TREES HAVE SOULS
Sergei Konenkov is the name of the greatest of all Russian wood-carvers. He says that trees have souls and that American trees embody spirits different from those inhabiting trees in any other part of the world. "The giant California Redwoods house powerful but kindly forces," he says. "I want to see all America's trees, and feel beneath my fingers the secret-revealing bark of trees that have never yet confided in me. The great Sequoias may hide the souls of warriors; the cypresses the spirits of Grecian Gods; the poplars, very modern beings." Pointing to a statue in his studio of an old woman in rags, her figure following the curve of a tree from which she emerged, he said, "She is a little old soothsayer. She wanders throughout the Russian forests in which I was born with a mysterious smile upon her lips and wisdom in her eyes. I grew up to know that the birch trees often hold the spirits of little old soothsayers. I spent my boyhood in the forest under the influence of the most fantastic of fairy tales. I knew all the good and bad spirits of the woods. I lived the restless life of the forest people whose little towns sprang up for a few years' duration, then vanished."
When Konenkov was nine years old, the priests of the community, astonished at his talent, sanctified some remarkable holy paintings he had made. Afterwards he won fame throughout Europe with his stone and marble sculptures. Suddenly he ceased to work in marble, declaring it to be too cold and lifeless.
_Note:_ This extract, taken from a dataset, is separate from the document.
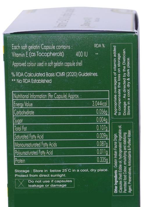 Promotes healthy skin : Ourdaily Vitamin E’s anti-oxidant properties helps protect cells from damaginges effect of from free radicals. This helps in fighting signs of ageing like wrinkles and dark spots, and also helps the skin remain firm and soft

He left his friends and returned to the forests for inspiration. Lately he has come to study American trees.
His feeling for trees is quaintly described by the following illustration. He said that in New York Central Park he found a tree that was to him the soul of a candle such as burned in Russian homes in celebration of Easter Week. "The little tree with its leafy crown flaring in the perfumed air of spring is like the candle in the incense-laden atmosphere of a cathedral."
Konenkov displays the poetic attitude toward trees, but Sir. J. C. Bose, eminent Hindu botanist, has convinced the entire scientific world, through his experiments, that trees really have souls and feelings akin to our own. "Trees apparently select other trees nearby as objects of affection," the plant-psychologist said recently. "Trees thus smitten send out tendrils to enfold the objects of their love. I have known a love-sick palm which refused to bear fruit for two seasons because its mate's pollen could not reach it and only when this pollen was scattered over its branches did it begin to bear fruit."